Si avvicina la fine della sperimentazione. Il piano dell'assessore Venturini per il futuro prossimo: «Venezia deve costare di più»

Sabato 13 e domenica 14 luglio finiscono le 29 giornate di sperimentazione del contributo d'accesso a Venezia. Il provvedimento unico al mondo, voluto dall'amministrazione cittadina, che prevede che i visitatori giornalieri non veneti, che non alloggiano nel comune di Venezia e che non hanno amici o parenti in città paghino 5 euro per entrare nel centro storico (dalle 8.30 alle 16), mentre tutti gli altri visitatori si debbano registrare in un portale. Terminata questa prima fase della sperimentazione, sarà da vedere quali misure metterà in campo l'amministrazione per i mesi a seguire: nel frattempo, biglietterie e varchi rimarranno inattivi per qualche mese.

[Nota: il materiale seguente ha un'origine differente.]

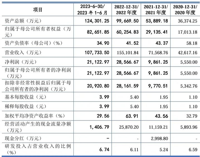 报告期内,公司营业收入分别为 42,617.16 万元、71,568.76 万元、155,101.84 万元和 107,733.50 万元;归属于母公司股东的净利润分别为5,550.00 万元、9,861.25 万元、28,566.67 万元和 21,122.97 万元,呈现持续增长趋势。2023 年第三季度,受欧洲库存消化、电力价格回落、利率大幅上涨等因素影响,欧洲户用光储产品需求不及预期,导致公司第三季度销售收入2.03 亿元,同比减少51.94%,实现净利润-1,772.91万元,同比由盈转亏。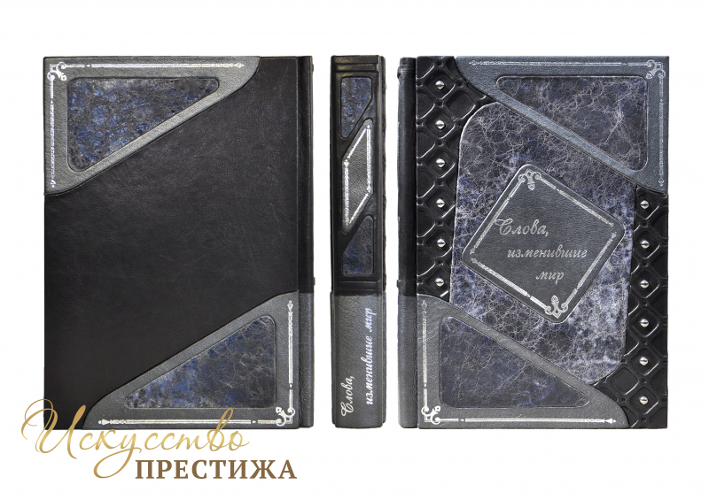 Французский составной переплет ручной работы выполнен из комбинации натуральных кож (Кожа теленка «Nero Zegna», Кожа маррокен «Patina blu», Кожа «Acciaio» производства итальянской кожевенной фабрики «Benericetti»). Обложка книги оформлена в авторской технике декора «Кожаный витраж» , обрамлена объемными узорами ручного тиснения, рельефным серебряным тиснением, с использованием фольги «Luxor 240», никелевыми холитенами общим количеством 12 штуки. Обрез книги полирован и оформлен вручную сусальным серебром и синей паталью. Тираж – 5 переплетных экземпляров. Сертификат. Бархатный чехол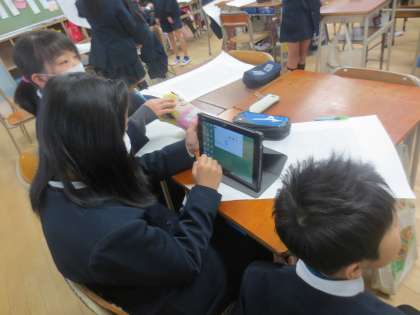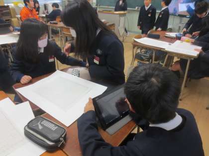 明日、土曜授業で発表する内容を話し合ったり、準備し合ったりしています。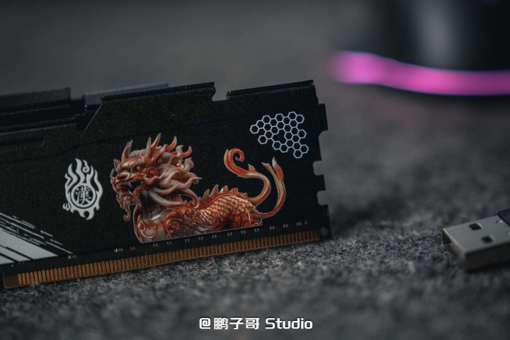 ▼国风气息相当浓郁,一只火红的麒麟印制在内存条的右边,汉存的「漢」字也被国风元素包裹起来,高精度激光打印的效果杠杠的。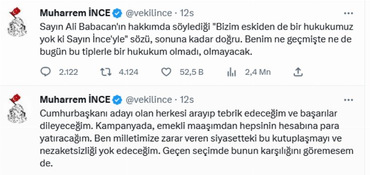 Muharrem İnce, paylaşımında, "Sayın Ali Babacan'ın hakkımda söylediği "Bizim eskiden de bir hukukumuz yok ki Sayın İnce'yle" sözü, sonuna kadar doğru. Benim ne geçmişte ne de bugün bu tiplerle bir hukukum olmadı, olmayacak" ifadelerini kullandı.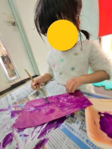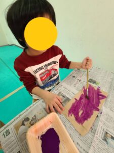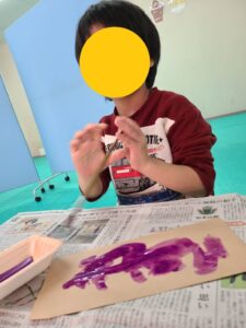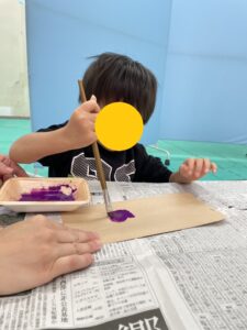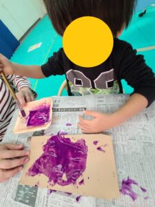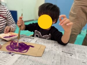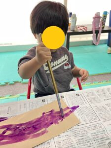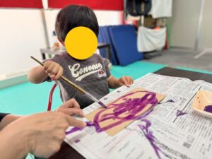 さあ、ウオーミングアップだ!むらさき色をぬーりぬり!ぐーるぐる!

Da lunedì inizierà quindi il tempo dell'analisi dei dati. I numeri hanno parlato fin da subito di un numero di paganti superiore alle aspettative del Comune, dai 23600 del 26 aprile (secondo giorno di sperimentazione) ai 10500 di domenica scorsa, a fronte di 100-120 mila esenti registrati al giorno (veneti, ospiti nelle strutture ricettive, lavoratori, parenti, amici...). Gli incassi arriveranno a circa 2,2 milioni di euro a fronte di una spesa prevista (steward, strutture, campagne informative) di circa 3 milioni: era stato messo in conto fin dall'inizio che per quest'anno la misura sarebbe stata in perdita.

Il futuro

Potranno essere rivisti, nel 2025, orari, giornate e anche modalità del contributo d'accesso, che come dichiarato da sempre anche dal sindaco Luigi Brugnaro dovrà essere sottoposto a modifiche e aggiornamenti. L'amministrazione ha comunque ribadito, a fronte dell'alto numero di visitatori disposti a pagare, che la linea sarà quella di alzare il costo del contributo (la legge vigente prevede di poterlo fare fino a 10 euro). Ieri è stato l'assessore al Turismo Simone Venturini, ai margini di un evento sul Giubileo 2025, a ribadire: «Venezia è ancora troppo a buon mercato. Penso a un contributo d'accesso in versione rafforzata per mettere freno all'eccesso di turismo. Non è un dramma che il turista paghi di più». Una linea che era già stata annunciata il mese scorso dall'assessore Michele Zuin. La connessione tra un maggiore costo d'entrata e un calo dei visitatori è e sarà oggetto di dibattito.